Aye, you can have the top bunk, lad, it’s all yours,
no good to me see, my back’s knackered,
and it may as well be Everest
I’d be climbing up to just to get some shut-eye.
I’ve only got 6 days left, any road.
I’ll be 72 year old next March,
never been in trouble all my life until now,
few fist fights when I was younger, like,
but ‘Boys Will Be Boys’ and all that kack.
‘Contempt Of Court’ it was…
in a ‘Civil’ not a ‘Criminal’ one.
Going through a messy divorce, see,
55 years married and chained to ‘That’ I was.
I’ve never hated someone so much
in all my born days, and I’ve lived awhile & all.
Separate bedrooms for 30 odd years,
and she used to hide my cowing shoes,
not so I wouldn’t go off gallivanting…
but, so I couldn’t follow her down the road on the slap.

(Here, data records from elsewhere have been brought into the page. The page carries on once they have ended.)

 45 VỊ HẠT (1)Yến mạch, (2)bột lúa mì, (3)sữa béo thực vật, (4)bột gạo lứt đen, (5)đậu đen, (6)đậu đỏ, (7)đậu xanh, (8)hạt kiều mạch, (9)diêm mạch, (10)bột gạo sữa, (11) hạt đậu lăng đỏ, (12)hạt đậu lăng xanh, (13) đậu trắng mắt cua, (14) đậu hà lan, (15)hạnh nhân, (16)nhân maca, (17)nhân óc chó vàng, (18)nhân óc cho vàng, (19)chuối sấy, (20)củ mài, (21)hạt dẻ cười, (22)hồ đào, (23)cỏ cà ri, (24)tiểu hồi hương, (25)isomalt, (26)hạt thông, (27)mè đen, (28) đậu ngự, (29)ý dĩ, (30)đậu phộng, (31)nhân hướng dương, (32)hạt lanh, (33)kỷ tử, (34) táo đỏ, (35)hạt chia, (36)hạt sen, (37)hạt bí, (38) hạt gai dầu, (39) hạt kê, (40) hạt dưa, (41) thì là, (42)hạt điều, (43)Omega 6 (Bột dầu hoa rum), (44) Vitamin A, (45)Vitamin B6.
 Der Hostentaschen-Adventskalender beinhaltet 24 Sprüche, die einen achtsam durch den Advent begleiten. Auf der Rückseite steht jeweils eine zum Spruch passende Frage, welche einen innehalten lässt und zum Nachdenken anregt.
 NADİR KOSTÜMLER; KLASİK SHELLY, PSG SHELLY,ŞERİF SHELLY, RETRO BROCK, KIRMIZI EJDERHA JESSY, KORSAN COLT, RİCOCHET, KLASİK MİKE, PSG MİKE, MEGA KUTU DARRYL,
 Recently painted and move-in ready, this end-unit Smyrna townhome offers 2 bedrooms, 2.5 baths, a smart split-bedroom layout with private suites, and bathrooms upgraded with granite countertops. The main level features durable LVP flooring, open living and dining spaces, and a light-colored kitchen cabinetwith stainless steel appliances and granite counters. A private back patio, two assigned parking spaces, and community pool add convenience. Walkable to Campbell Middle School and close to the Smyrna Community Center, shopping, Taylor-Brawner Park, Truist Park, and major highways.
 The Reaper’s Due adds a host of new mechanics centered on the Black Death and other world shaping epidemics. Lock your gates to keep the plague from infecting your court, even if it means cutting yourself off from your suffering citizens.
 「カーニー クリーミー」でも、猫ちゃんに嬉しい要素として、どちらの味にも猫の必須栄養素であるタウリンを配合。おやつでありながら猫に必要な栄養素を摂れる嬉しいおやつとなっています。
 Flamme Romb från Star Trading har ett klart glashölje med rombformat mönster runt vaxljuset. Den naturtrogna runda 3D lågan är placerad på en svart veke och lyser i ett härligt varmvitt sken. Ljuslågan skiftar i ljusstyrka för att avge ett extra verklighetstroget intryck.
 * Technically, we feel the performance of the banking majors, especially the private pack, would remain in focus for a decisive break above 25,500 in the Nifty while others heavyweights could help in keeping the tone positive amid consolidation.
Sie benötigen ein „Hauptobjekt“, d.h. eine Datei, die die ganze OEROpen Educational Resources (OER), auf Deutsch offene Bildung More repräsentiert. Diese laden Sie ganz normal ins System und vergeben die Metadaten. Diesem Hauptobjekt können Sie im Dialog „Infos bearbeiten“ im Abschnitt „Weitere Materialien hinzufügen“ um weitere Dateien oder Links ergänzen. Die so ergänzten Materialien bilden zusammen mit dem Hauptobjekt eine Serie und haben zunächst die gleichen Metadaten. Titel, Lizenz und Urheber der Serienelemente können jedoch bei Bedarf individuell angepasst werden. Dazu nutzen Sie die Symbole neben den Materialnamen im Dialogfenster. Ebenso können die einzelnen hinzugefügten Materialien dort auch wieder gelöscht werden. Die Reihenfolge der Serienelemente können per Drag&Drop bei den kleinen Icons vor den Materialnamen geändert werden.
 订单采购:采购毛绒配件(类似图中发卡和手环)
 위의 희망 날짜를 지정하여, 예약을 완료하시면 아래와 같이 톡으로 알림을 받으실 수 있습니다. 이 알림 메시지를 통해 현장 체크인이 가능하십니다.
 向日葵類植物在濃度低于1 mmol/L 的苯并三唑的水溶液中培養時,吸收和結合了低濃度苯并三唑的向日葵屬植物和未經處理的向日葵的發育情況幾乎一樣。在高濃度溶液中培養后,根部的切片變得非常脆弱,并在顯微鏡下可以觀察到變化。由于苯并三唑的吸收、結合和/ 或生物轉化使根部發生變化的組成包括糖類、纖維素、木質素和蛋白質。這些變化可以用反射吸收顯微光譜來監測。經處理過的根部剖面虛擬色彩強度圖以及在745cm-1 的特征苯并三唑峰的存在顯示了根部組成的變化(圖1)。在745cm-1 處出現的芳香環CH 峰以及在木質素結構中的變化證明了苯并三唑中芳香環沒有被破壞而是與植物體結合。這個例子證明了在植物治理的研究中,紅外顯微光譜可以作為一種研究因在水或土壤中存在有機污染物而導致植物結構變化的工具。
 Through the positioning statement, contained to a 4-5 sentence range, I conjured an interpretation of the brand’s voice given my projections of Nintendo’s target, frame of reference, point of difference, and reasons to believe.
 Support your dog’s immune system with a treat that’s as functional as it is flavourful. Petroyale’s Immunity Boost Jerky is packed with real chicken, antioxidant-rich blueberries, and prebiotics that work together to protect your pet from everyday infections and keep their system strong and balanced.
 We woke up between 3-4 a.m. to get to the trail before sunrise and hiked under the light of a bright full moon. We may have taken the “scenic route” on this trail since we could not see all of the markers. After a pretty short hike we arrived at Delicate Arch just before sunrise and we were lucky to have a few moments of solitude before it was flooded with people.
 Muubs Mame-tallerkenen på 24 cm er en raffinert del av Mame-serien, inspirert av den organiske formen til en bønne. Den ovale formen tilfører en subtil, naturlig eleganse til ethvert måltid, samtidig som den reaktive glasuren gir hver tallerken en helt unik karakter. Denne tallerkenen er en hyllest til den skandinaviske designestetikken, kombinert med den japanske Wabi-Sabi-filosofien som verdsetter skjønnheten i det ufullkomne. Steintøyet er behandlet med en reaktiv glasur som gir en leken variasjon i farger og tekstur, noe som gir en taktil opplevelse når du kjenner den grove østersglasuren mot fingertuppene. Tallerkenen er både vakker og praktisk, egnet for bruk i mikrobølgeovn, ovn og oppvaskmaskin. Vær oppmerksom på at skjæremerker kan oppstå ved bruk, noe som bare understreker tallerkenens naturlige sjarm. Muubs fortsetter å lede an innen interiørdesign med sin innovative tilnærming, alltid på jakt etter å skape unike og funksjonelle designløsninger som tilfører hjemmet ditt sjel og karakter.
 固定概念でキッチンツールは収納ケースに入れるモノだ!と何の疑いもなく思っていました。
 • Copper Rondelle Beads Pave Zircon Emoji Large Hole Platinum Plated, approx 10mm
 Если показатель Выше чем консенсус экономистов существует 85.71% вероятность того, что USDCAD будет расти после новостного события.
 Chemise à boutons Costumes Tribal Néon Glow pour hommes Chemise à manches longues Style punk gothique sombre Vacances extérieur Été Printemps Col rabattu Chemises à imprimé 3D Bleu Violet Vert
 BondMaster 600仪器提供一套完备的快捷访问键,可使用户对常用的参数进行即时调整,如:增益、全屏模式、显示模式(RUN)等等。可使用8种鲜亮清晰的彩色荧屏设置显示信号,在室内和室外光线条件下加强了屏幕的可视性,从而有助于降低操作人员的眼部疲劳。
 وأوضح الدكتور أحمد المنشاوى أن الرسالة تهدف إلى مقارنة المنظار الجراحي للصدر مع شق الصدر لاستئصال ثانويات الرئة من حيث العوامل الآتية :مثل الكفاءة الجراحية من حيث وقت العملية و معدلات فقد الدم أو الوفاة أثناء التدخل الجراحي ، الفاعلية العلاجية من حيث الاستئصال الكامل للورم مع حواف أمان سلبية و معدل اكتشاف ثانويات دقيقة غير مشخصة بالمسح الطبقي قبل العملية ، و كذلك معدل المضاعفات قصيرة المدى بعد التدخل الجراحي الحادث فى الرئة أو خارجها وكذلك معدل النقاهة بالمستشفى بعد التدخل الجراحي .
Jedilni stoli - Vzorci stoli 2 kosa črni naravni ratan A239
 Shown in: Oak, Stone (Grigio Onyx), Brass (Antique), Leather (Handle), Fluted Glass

Then she started seeing that ‘Oldest Rocker In Town’,
Teddy Boy with a receding quiff, cunt Terry 6 months ago.
‘Blatant’ fucking ‘Blatant’
I never understood what that word meant until now!
Anyway, she only brought the beer-bellied fucker
to our divorce proceedings, talk about rubbing it in.
I never knew I had a temper like that in me, mun…
flew at ‘em pair of bastards, I did, like a whippet…
an old, tired, worn-out, riddled with arthritis one,
but, a whippet all the same… look at me shaking yuh!
Our Shelly was gonna let me have their spare room,
the one downstairs next to the toilet,
handy that’d be, I’m up at least 15 times a night
to use the fucking thing, as you’ll soon find out.
I was gonna let her have the Council Bungalow,
seeing as the kids and grandchildren
have all fucked off to get on with their own lives…
But now, nuh, I’ll fight her bloody tooth & nail for it all!